[[ Record extracts open ]]

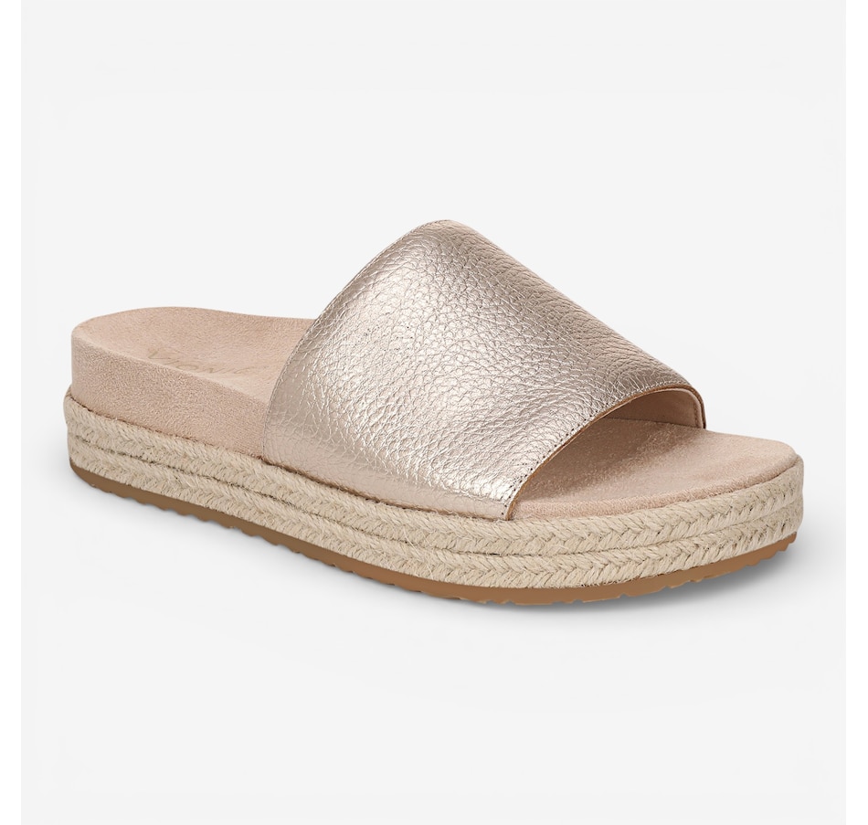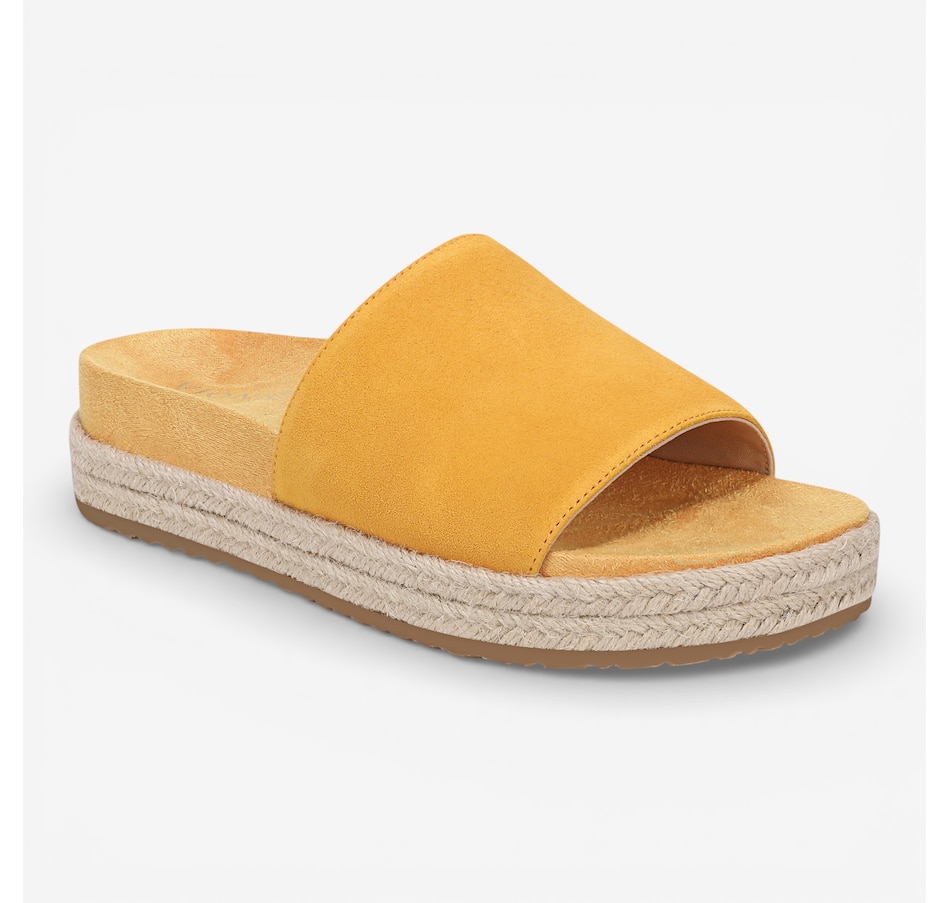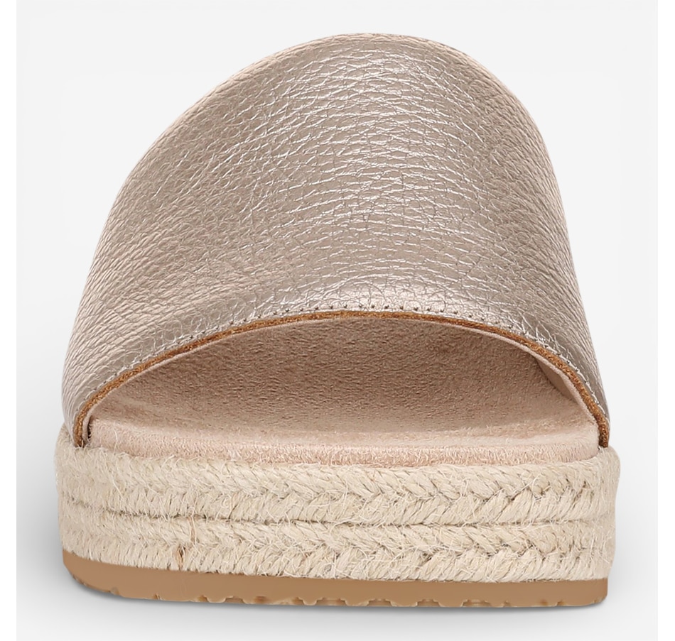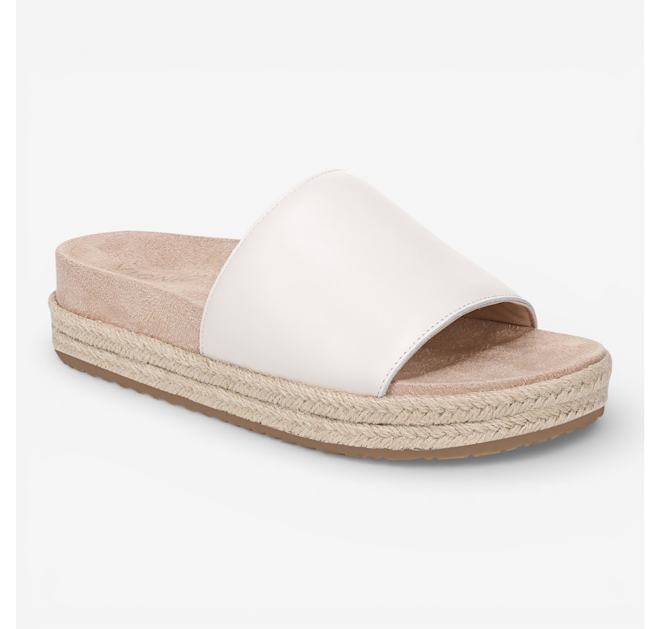 Slip into elevated ease with the Yasmina slide sandal, a lightweight platform design that brings together breezy espadrille styling and all‑day comfort. Its jute‑wrapped sole adds effortless summer charm, while the softly padded upper band and hidden gore create a personalized fit that moves naturally with you. Crafted in supple leather or suede, the Yasmina delivers a refined look that feels as good as it appears. Finished with a Vio Motion™ technology‑designed orthotic EVA footbed, this slide supports every step, making it ideal for warm‑weather days that call for both style and comfort.
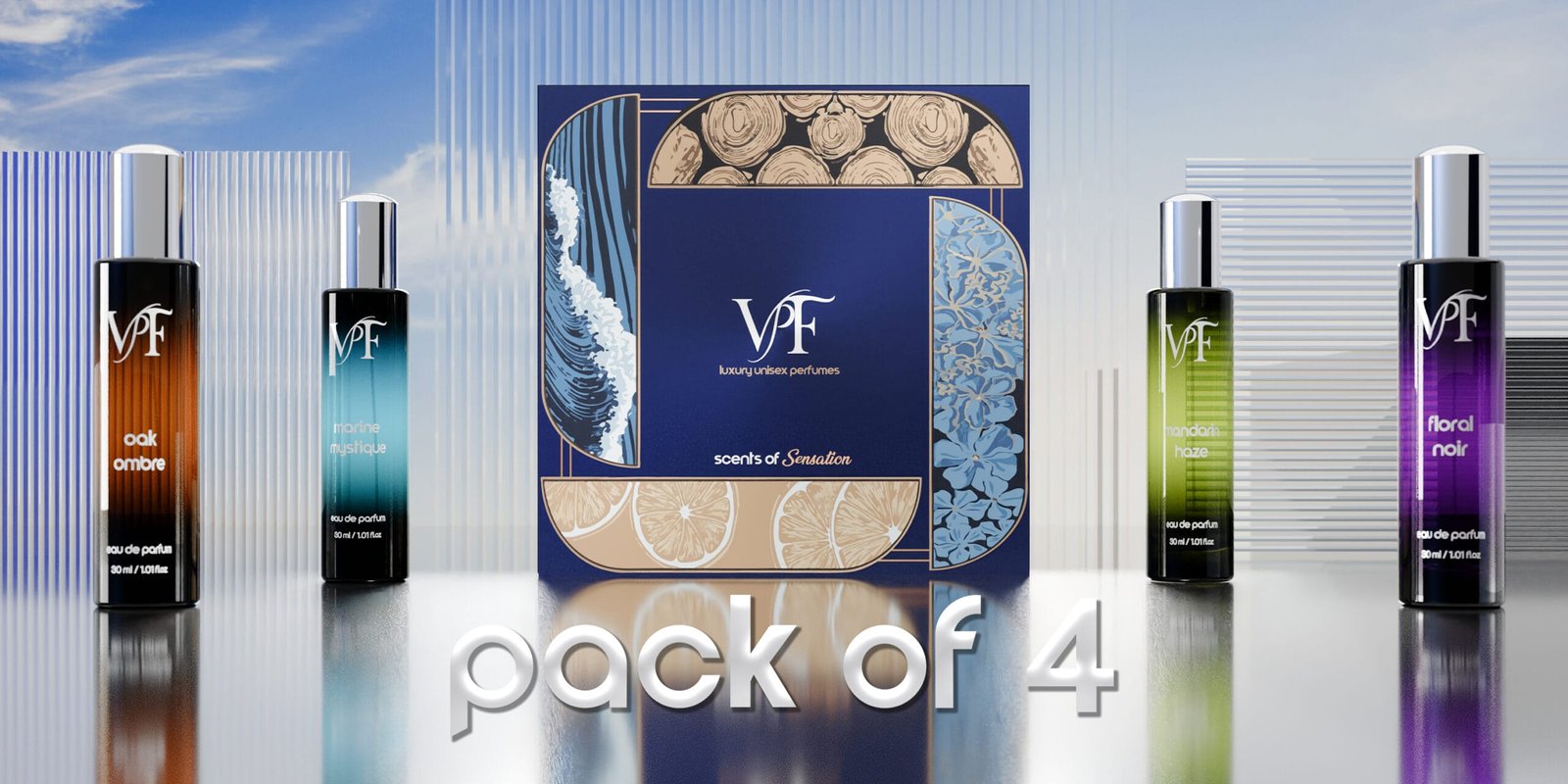 Valencia Scents of Sensation is a vivacious representation of versatility. We offer a premium pack of 4 unisex best smelling perfume designed to create scented memories anytime, anywhere. The mesmerizing Marine Mystique, the olfactory Oak Ombre, the sensual Floral Noir, and the zesty Mandarin Haze. This beautifully crafted set lets you switch your scent game effortlessly. Ideal for gifting or personal indulgence, Valencia Scents of Sensation offers long-lasting, signature fragrances for both men and women. Elevate your fragrance wardrobe with this all-in-one perfume combo. Your everyday luxury, bottled.
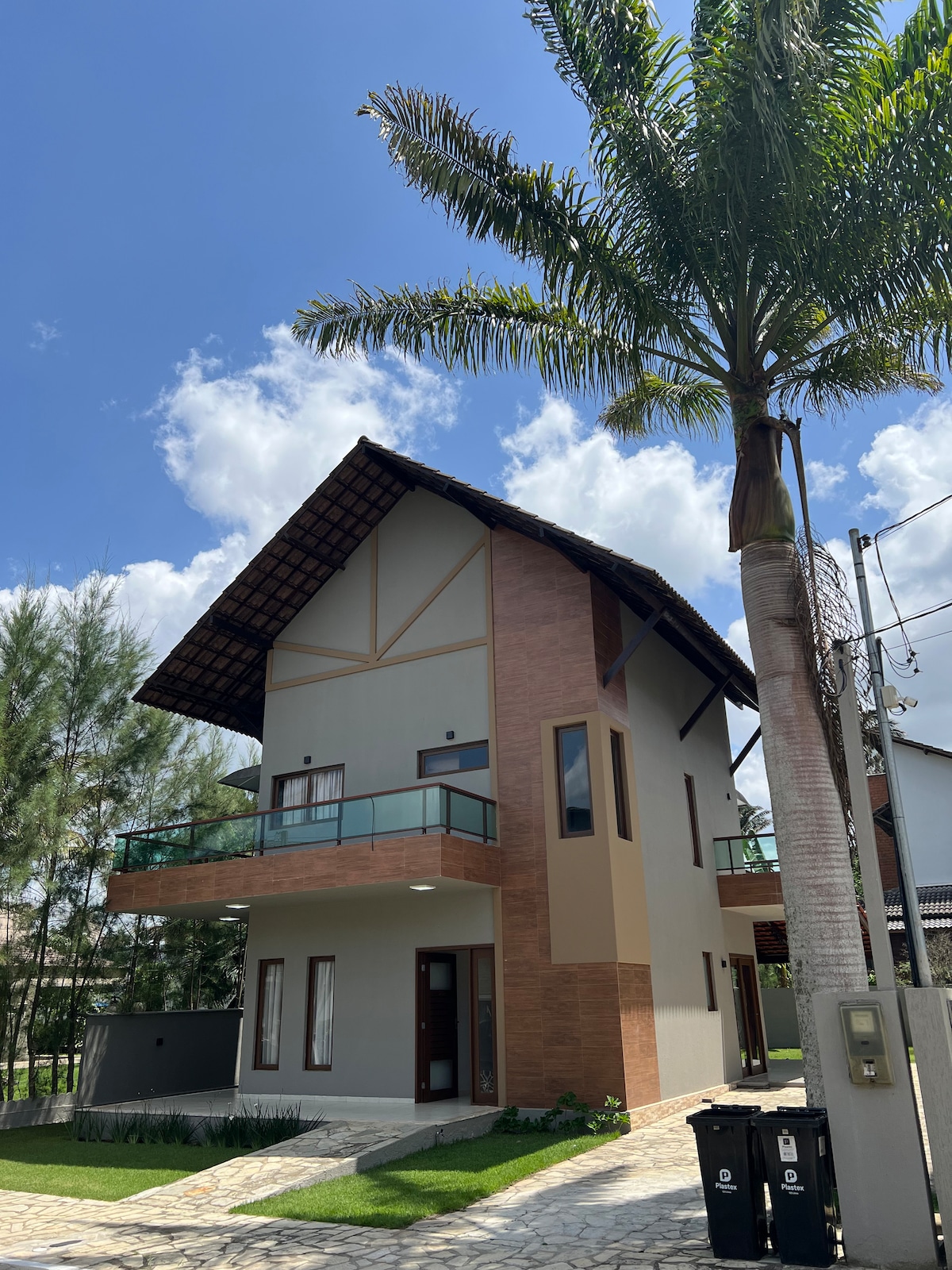 Sou um espaço novo e acolhedor. Com ambientes integrados e uma pracinha charmosa em frente, sou perfeita para famílias com crianças. A cozinha é completa, com freezer, geladeira, micro-ondas forno e airfryer. Possuo quatro suítes climatizadas, sendo: uma com cama king, outra com cama queen e duas com camas de solteiro que podem formar uma de casal. Todas as suítes têm armadores de rede. Sou um lar que une funcionalidade, aconchego e praticidade para tornar sua estadia inesquecível.
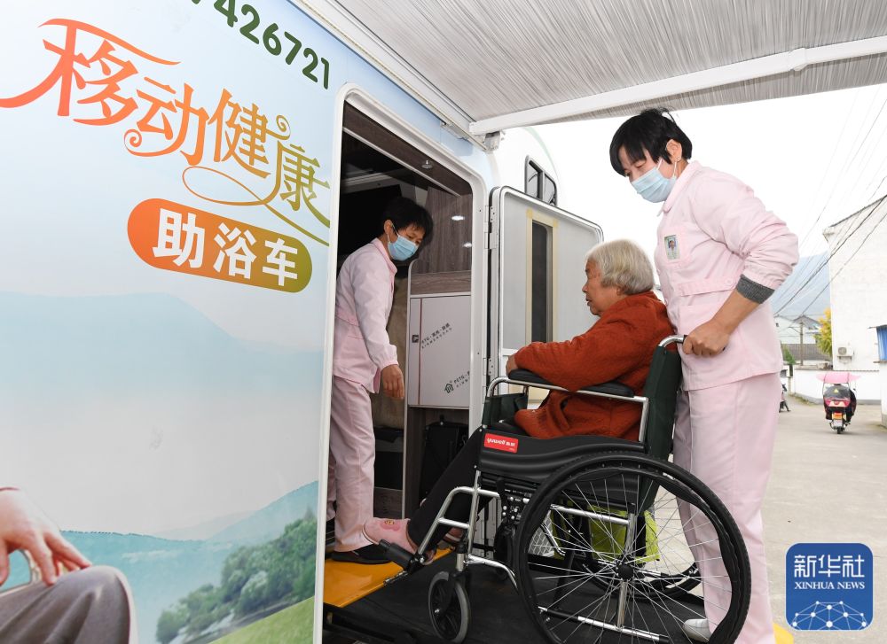 ↑2023年11月30日,在浙江省余姚市梁弄镇甘宣村,一家结对帮扶的养老机构将助浴车开到村民家门口,为行动不便的老人洗浴。为推进乡村养老工作,促进公共服务均衡覆盖,浙江省余姚市自今年7月起启动专项行动,发动服务机构、社会组织等向山区输送养老服务。
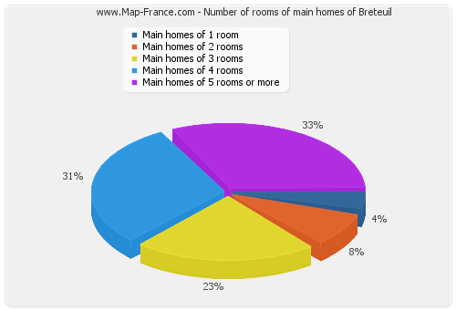 - Number of main homes of Breteuil of 1 room : 61 - Number of main homes of Breteuil of 2 rooms : 121 - Number of main homes of Breteuil of 3 rooms : 334 - Number of main homes of Breteuil of 4 rooms : 334 - Number of main homes of Breteuil of 5 rooms and more : 475 |
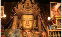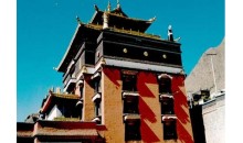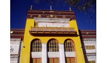 班禪新宮位于扎布倫寺以南,是十世班禪在1954年建造的夏宮,新宮建筑富麗堂皇,十分幽雅,是避暑的好地方。宮內(nèi)放置了很多西藏歷史文物及藝術(shù)精品,尤以一幅《八思巴會(huì)見(jiàn)忽必烈》的壁畫(huà),最為精美。新宮有三道門(mén),第一道門(mén)前檐有四根八角朱漆大柱抵頂,門(mén)殿浮雕著兇悍不馴的野獸、騰躍欲飛的蟠龍和各種花卉圖案門(mén)壁兩側(cè)。彩繪著卷云、猛虎、長(zhǎng)龍、人物和佛教故事壁畫(huà)。筆法細(xì)膩,形神俱肖。
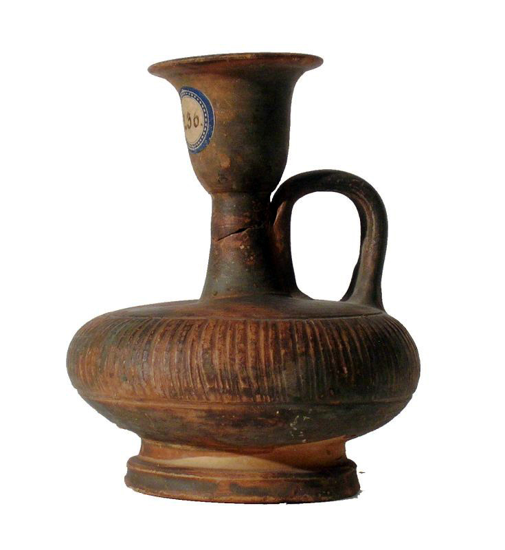 lekythos in argilla rosa con imboccatura campaniforme, collo stretto a lati concavi, corpo molto espanso e schiacciato con piede modanato, ansa verticale a nastro. Baccellatura sul ventre, vernice bruna priva di sovraddipinture
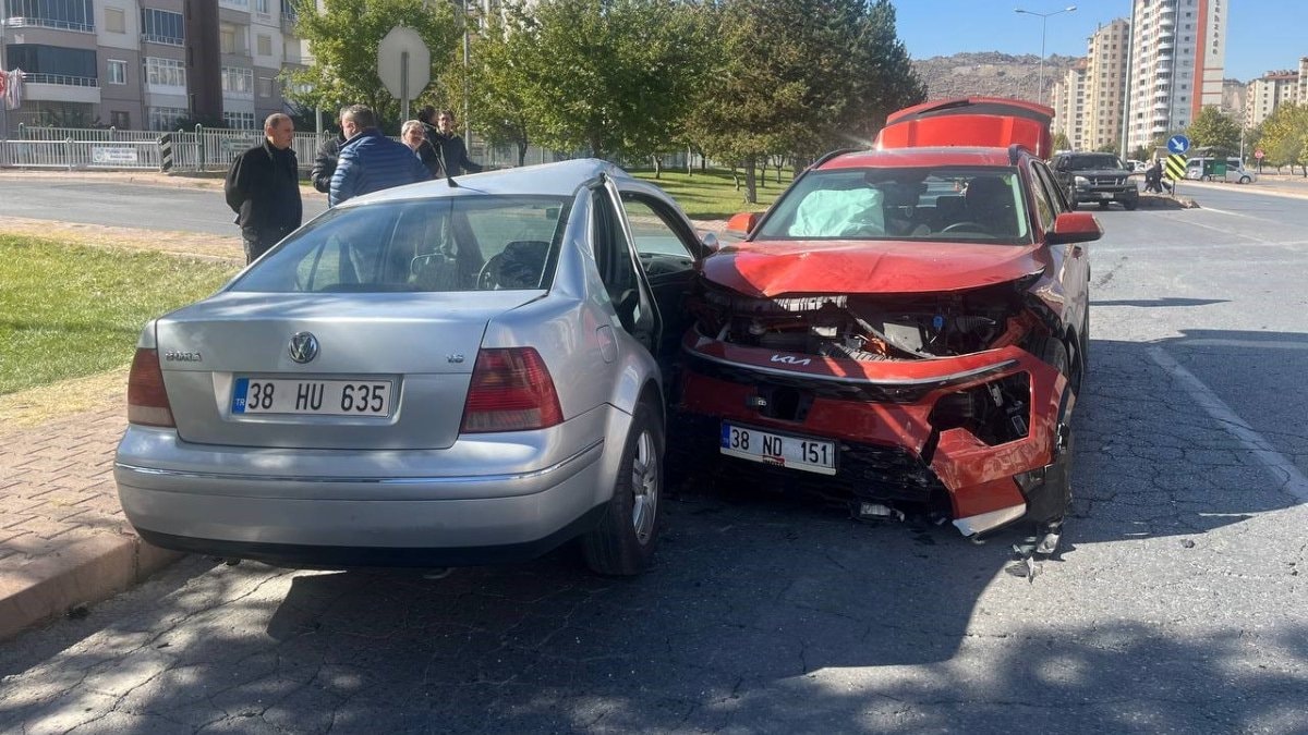 Kayseri'nin Melikgazi ilçesine bağlı Altınoluk Mahallesi Deniz Şafağı Caddesi üzerindeki kavşakta meydana gelen kazada, N.D. idaresindeki otomobil ile H.H.U. idaresindeki otomobil kaza yaptı.
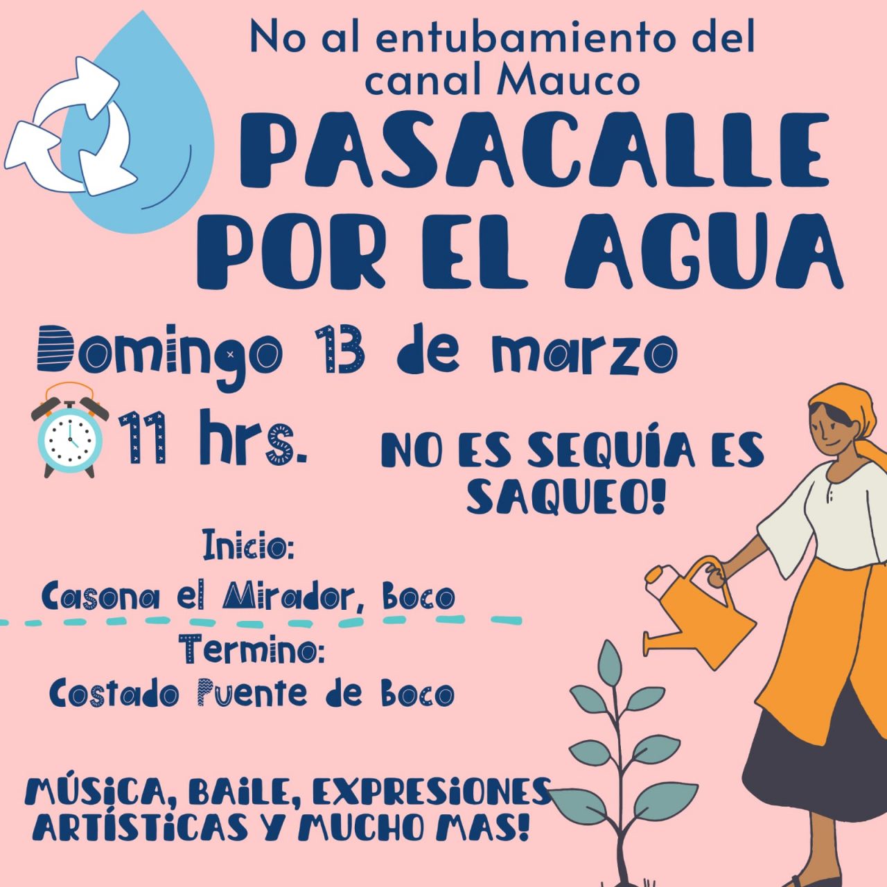 (Caminaremos desde la histórica casona san José o el mirador donde se iniciará con una ceremonia a las 10 am hasta el puente de Boco donde habrá un punto artístico)”.

[[ Record extracts closed ]]

• What is needed
Your answer must be an exact copy of the lines above, from the line that contains "班禪新宮位于扎布倫寺以南,是" through the final line, with no pictures in it.

• Finished task
 班禪新宮位于扎布倫寺以南,是十世班禪在1954年建造的夏宮,新宮建筑富麗堂皇,十分幽雅,是避暑的好地方。宮內(nèi)放置了很多西藏歷史文物及藝術(shù)精品,尤以一幅《八思巴會(huì)見(jiàn)忽必烈》的壁畫(huà),最為精美。新宮有三道門(mén),第一道門(mén)前檐有四根八角朱漆大柱抵頂,門(mén)殿浮雕著兇悍不馴的野獸、騰躍欲飛的蟠龍和各種花卉圖案門(mén)壁兩側(cè)。彩繪著卷云、猛虎、長(zhǎng)龍、人物和佛教故事壁畫(huà)。筆法細(xì)膩,形神俱肖。
 lekythos in argilla rosa con imboccatura campaniforme, collo stretto a lati concavi, corpo molto espanso e schiacciato con piede modanato, ansa verticale a nastro. Baccellatura sul ventre, vernice bruna priva di sovraddipinture
 Kayseri'nin Melikgazi ilçesine bağlı Altınoluk Mahallesi Deniz Şafağı Caddesi üzerindeki kavşakta meydana gelen kazada, N.D. idaresindeki otomobil ile H.H.U. idaresindeki otomobil kaza yaptı.
 (Caminaremos desde la histórica casona san José o el mirador donde se iniciará con una ceremonia a las 10 am hasta el puente de Boco donde habrá un punto artístico)”.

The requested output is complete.